Boyd Matson has climbed Mount Kilimanjaro, Africa’s highest peak, three times. He has gone scuba diving in both Antarctic and Arctic waters and competed in a 150mile foot race in the Sahara Desert. He has piloted experimental submarines and helped teach captive-bred whooping cranes a migration route. But none of those accomplishments would have been possible without his first big adventure: climbing Signal Peak near Big Spring, Texas, with Boy Boyd Matson Scout Troop 333 from Midland, Texas. Although the peak rises just a couple of hundred feet above the West Texas prairie, it captivated Matson and his fellow Scouts, who could imagine long-gone Native Americans signaling from the peak’s conical top. When they asked their Scoutmaster if they could explore it, he quickly agreed, saying, “Go ahead.

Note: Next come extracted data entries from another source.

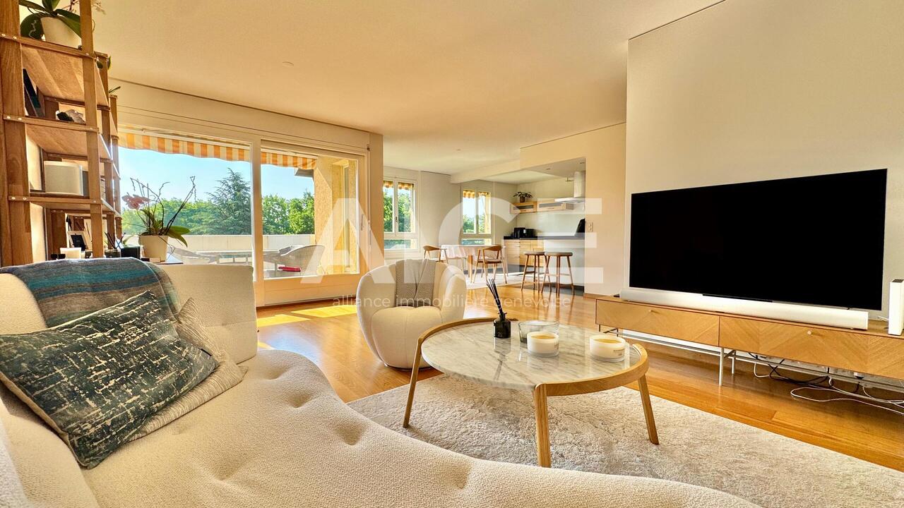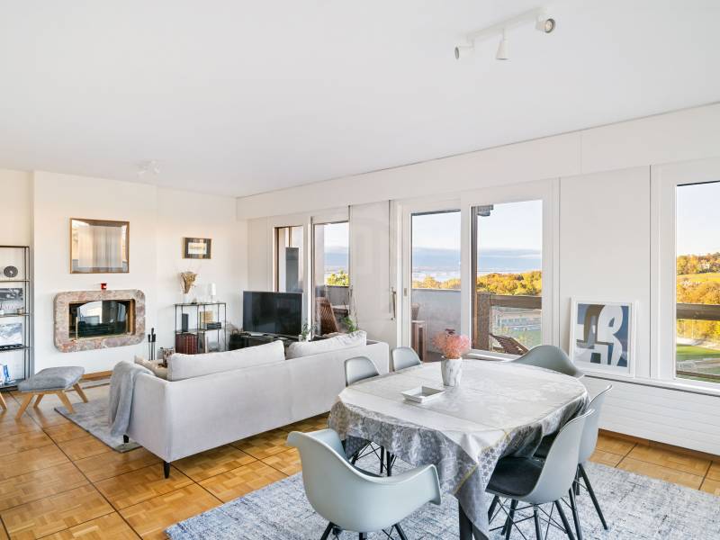 Situé au coeur de la prestigieuse commune de Cologny, cet appartement remarquable bénéficie d'un emplacement privilégié offrant une vue spectaculaire sur le lac Léman et les massifs environnants.Niché au sein d'une résidence de standing, ce bien a récemment été entièrement rénové avec un soin particulier, alliant élégance contemporaine et matériaux de haute qualité. Les volumes généreux et la luminosité omniprésente sont sublimés par de vastes terrasses de près de 160m2 à la vue la et aux perspectives grandioses, entourées de verdure et de sérénité.Les prestations haut de gamme et les finitions raffinées assurent un confort de vie optimal dans un environnement à la fois paisible et exclusif.Distribution intérieure: • Hall d'entrée accueillant avec de nombreux rangements • Spacieux salon avec cheminée, ouvert sur une salle à manger élégante • Grande cuisine entièrement équipée, pensée pour les gastronomes avec accès à la terrasse • Suite parentale avec deux dressings et salle de bain privative avec accès à la terrasse • Trois chambres à coucher, chacune avec sa salle de bain en suite avec accès à leur terrasses • WC visiteurs • Buanderie fonctionnelle • Nombreux rangements intégrés dans tout l'appartement • Terrasses exceptionnelles de près de 160m2 avec vue lac sur l'ensemble des pièces de l'appartement Annexes: • Local technique • Box fermé pour trois véhicules avec espace de rangement attenant Im Herzen der renommierten Gemeinde Cologny gelegen, profitiert diese bemerkenswerte Wohnung von einer privilegierten Lage, die einen spektakulären Blick auf den Genfer See und die umliegenden Bergmassive bietet.Innerhalb einer luxuriösen Residenz gelegen, wurde diese Immobilie kürzlich mit besonderer Sorgfalt vollständig renoviert, wobei zeitgenössische Eleganz und hochwertige Materialien kombiniert wurden. Die großzügigen Volumen und die allgegenwärtige Helligkeit werden durch die weitläufigen Terrassen von fast 160m2 mit Blick und grandiosen Perspektiven sublimiert, die von Grün und Gelassenheit umgeben sind.Die hochwertigen Leistungen und die raffinierten Ausführungen gewährleisten einen optimalen Lebenskomfort in einer zugleich ruhigen und exklusiven Umgebung.Innere Aufteilung: • Einladende Eingangshalle mit viel Stauraum • Räumiges Wohnzimmer mit Kamin, offen zu einem eleganten Esszimmer • Große, voll ausgestattete Küche, gedacht für Gourmets mit Zugang zur Terrasse • Elternsuite mit zwei begehbaren Kleiderschränken und eigenem Bad mit Zugang zur Terrasse • Drei Schlafzimmer, jedes mit eigenem Bad en suite mit Zugang zu ihren Terrassen • Besucher-WC • Funktionale Waschküche • Viele Stauräume in der ganzen Wohnung integriert • Außergewöhnliche Terrassen von fast 160m2 mit Seeblick von allen Räumen der Wohnung aus Anlagen: • Technikraum • Geschlossene Box für drei Fahrzeuge mit angrenzendem Stauraum Located in the heart of the prestigious commune of Cologny, this remarkable apartment enjoys a privileged location offering spectacular views of Lake Geneva and the surrounding massifs.Nested within a luxury residence, this property has recently been completely renovated with particular care, combining contemporary elegance and high-quality materials. The generous volumes and omnipresent luminosity are sublimated by vast terraces of almost 160m2 with views la and grandiose perspectives, surrounded by greenery and serenity.The top-of-the-range services and refined finishes ensure optimal living comfort in an environment that is both peaceful and exclusive.Interior distribution: • Welcoming entrance hall with plenty of storage space • Spacious living room with fireplace, open to an elegant dining room • Large, fully equipped kitchen, thought for gourmets with access to the...
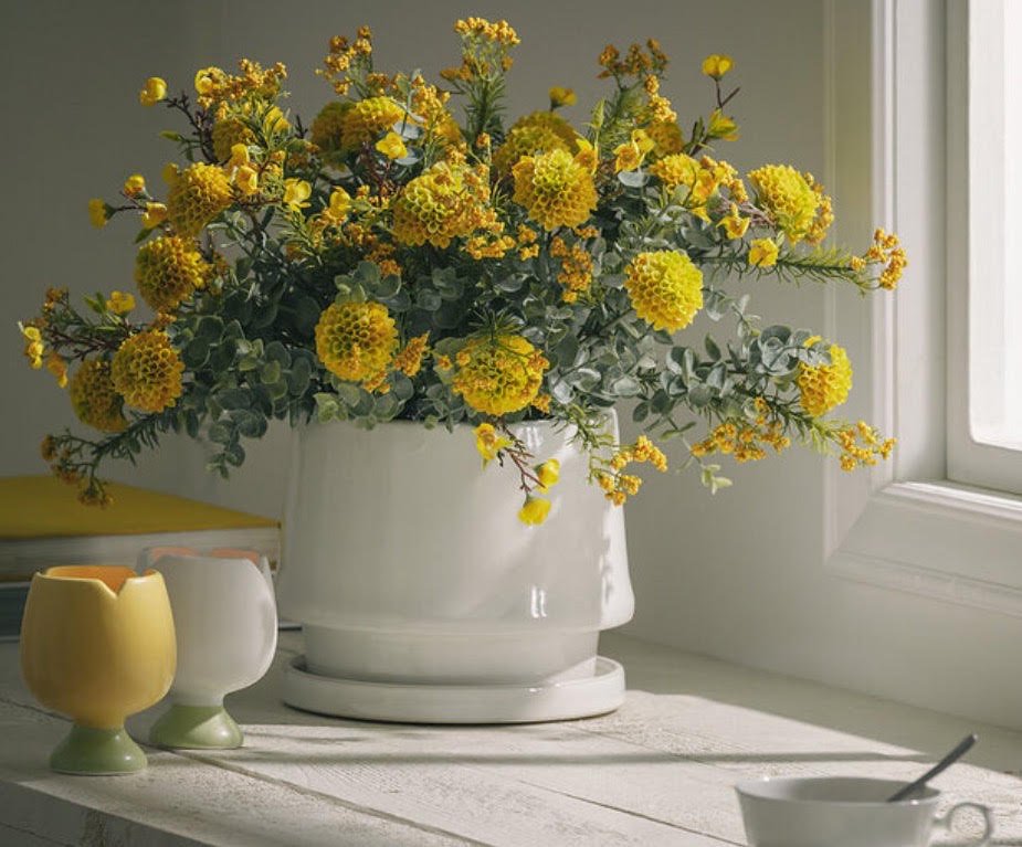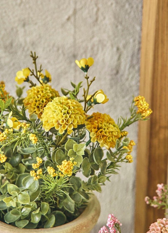 Su tonalidad amarilla aporta luminosidad y frescura, siendo una opción muy utilizada en proyectos de interiorismo en Huelva para crear ambientes acogedores y decoraciones florales con un estilo natural y elegante.
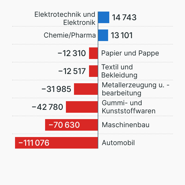Die Grafik zeigt, wie viele Jobs in den verschiedenen Branchen der deutschen Industrie im Vergleich zu 2019 abgebaut wurden.
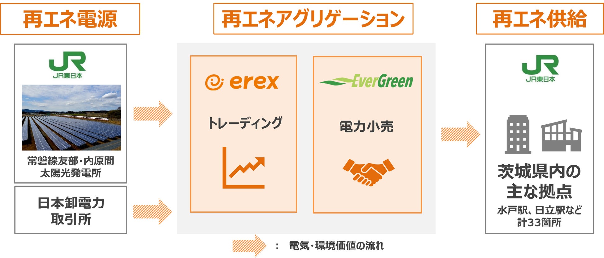 ・JR東日本が保有する内原太陽光発電所の適用制度をFITからFIPへ切り替え、イーレックスに電力と環境価値を供給します。イーレックスはJR東日本に代わって電力の需給調整を行い、イーレックスグループの販売子会社であるエバーグリーン・マーケティング株式会社を通じて、内原太陽光発電所により生み出された環境価値を安定的にJR東日本に供給します。
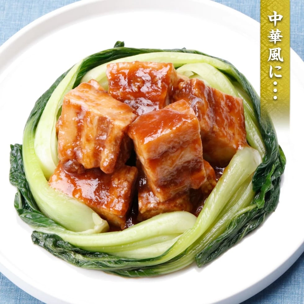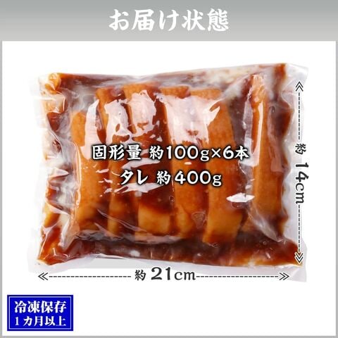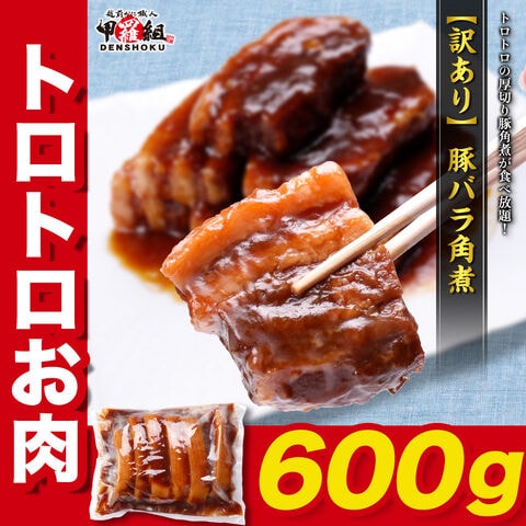 | 豚バラ角煮600g(固形量約100g×6本・タレ400g) 原材料:豚肉(スペイン産)、醤油、ザラメ糖、みりん/増粘剤(加工でんぷん)、ph調整剤、カラメル色素、甘味料(サッカリンNa)、保存料(酒精、ビタミンB1)、(一部に小麦・乳成分・大豆・豚肉を含む) ※固形量には脂身を含みますが、解凍の仕方によっては脂身が崩れてしまったり、袋から取り出す際に脂身が剥がれてしまう場合があります。 |
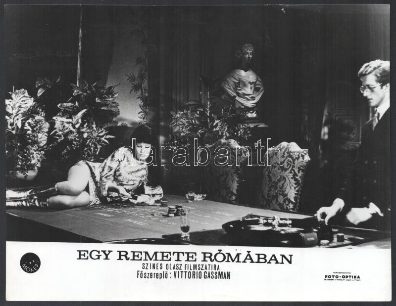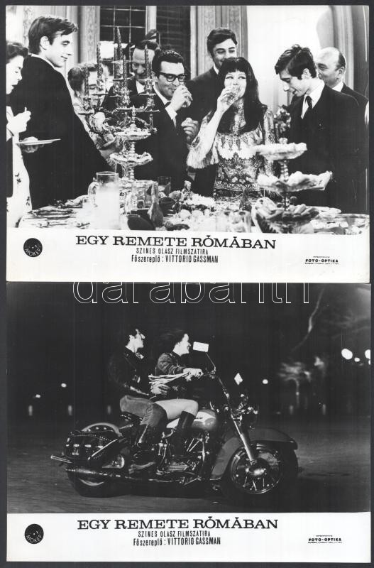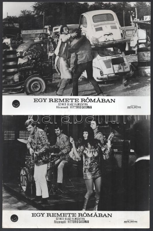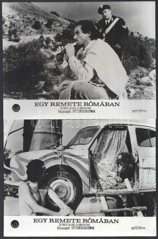 cca 1968 ,,Egy remete Rómában" című olasz filmszatíra jelenetei és szereplői, 9 db vintage produkciós filmfotó, ezüst zselatinos fotópapíron, a használatból eredő - esetleges - kisebb hibákkal, 18x24 cm
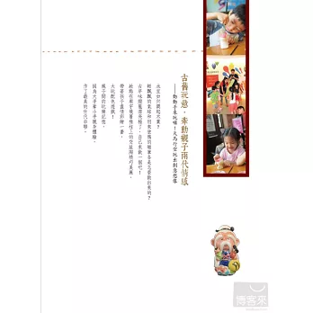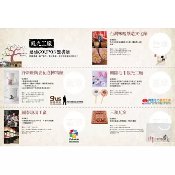 1. 與坊間介紹觀光工廠主題有所區隔:強調親子互動、文化傳承、吸收多元知識、邊玩邊學、珍藏回憶,是一本「親子旅行+教養」書。
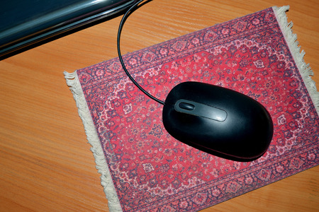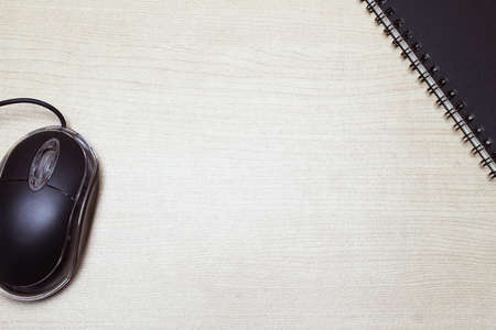 wireless black computer mouse on the table on the rug. space for text
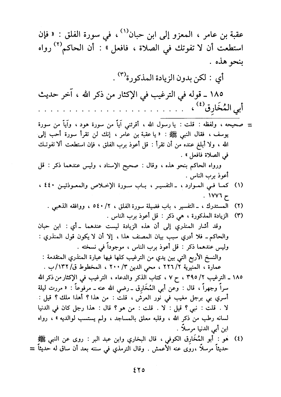 ١٨٥ - قوله في الترغيب في الإكثار من ذكر الله، آخر حديث أبي المُخَارِق ,
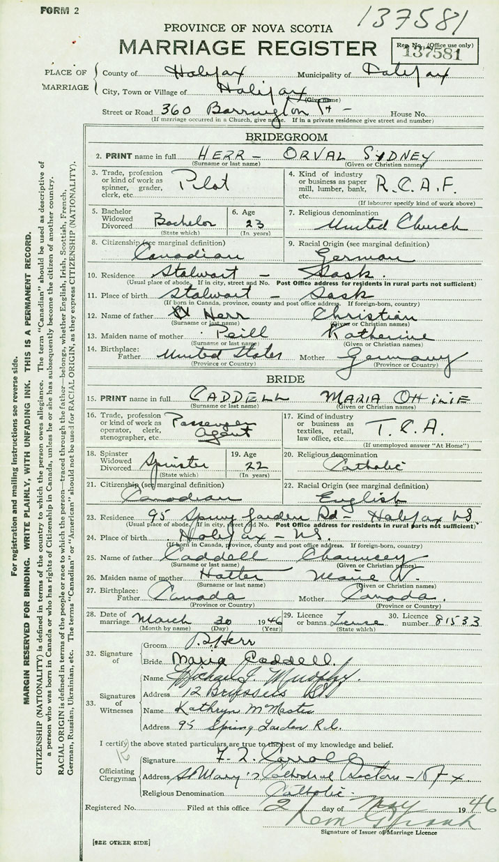 28. Date of marriage March 30 1946 29. By license or banns License 30. License number 81533
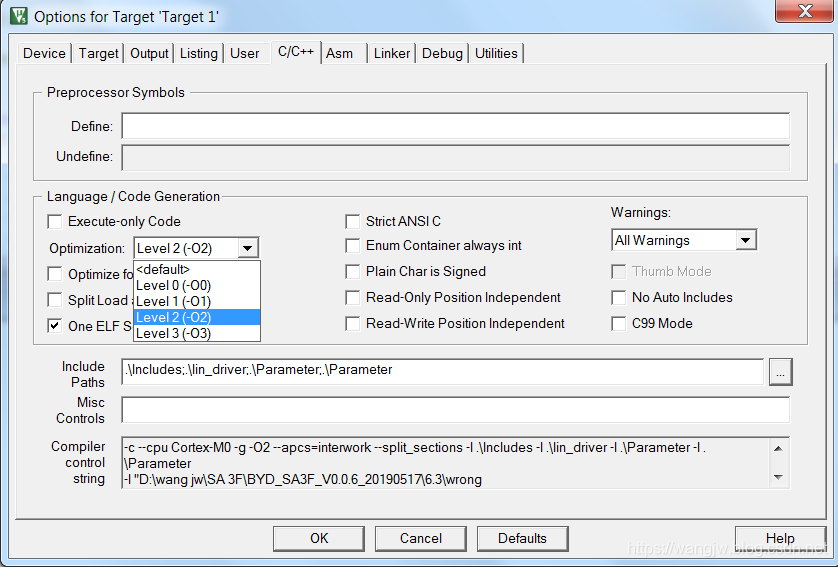 一般情况下采用default即O2等级的代码优化即可,如果采用O1、O2,则代码空间会变大,但会多很多调试信息,而使用O3的话有时候会对代码业务逻辑产生影响,所以一般采用O2等级进行优化代码。
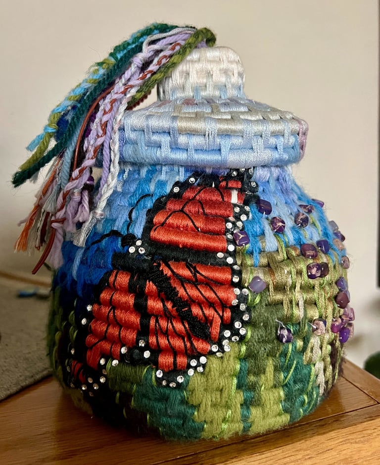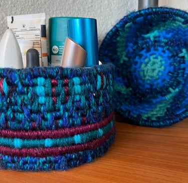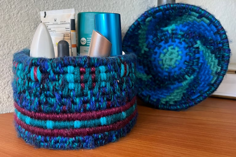 A meditative journey through fiber and form. These coiled vessels translate the rhythmic steady pulse of the creative process into tactile, three-dimensional objects that celebrate the interplay of color and texture.
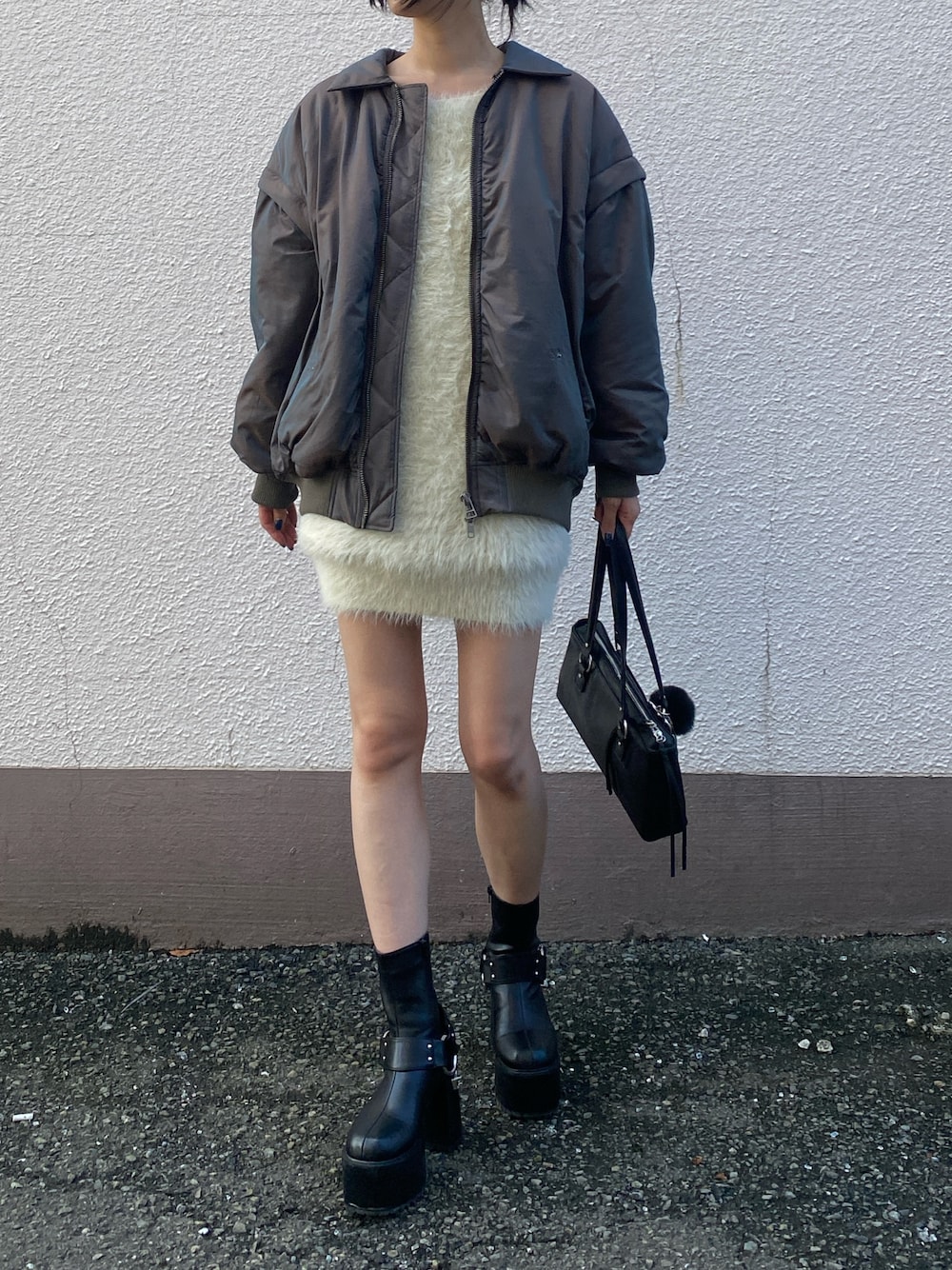 内藤和香(EMODA)のワンピース「2WAYシャギーミニワンピース」を使ったコーディネート

See what’s there.”
Matson’s thirst for adventure has served him well as the host of “National Geographic Explorer” and countless National Geographic videos, as a spokesman for the National Geographic Society, and now as host of the weekly radio show “National Geographic Weekend.” Before joining National Geographic, he spent many years in television news, including stints as coanchor of ABC’s “World News Now” and NBC’s “Sunday Today.” Speaking at the BSA’s National Annual Meeting in May, where he was named a Distinguished Eagle Scout, Matson said many of his adventures are just like Scout camp: “You’re sleeping in tents, you’re going places that you’ve never been, and you’re exploring and seeing the world in a way you couldn’t have imagined possible because of this confidence you’ve been given.”
Half a century later, the 1961 Eagle Scout continues to accept that invitation. “What happened in Scouting spoke to me,” Matson said. “And it wasn’t just the words of the Law or the Oath, it was the experiences and what it taught me about life and taking challenges and being willing to explore and go on adventures.”
Matson likes to say that he’s been bitten by, scratched by, pooped on, or kissed by most of the creatures found at your local zoo. He has also seen the world and shown it to his fellow Americans, all because a long-ago Scoutmaster invited him to go see what’s there.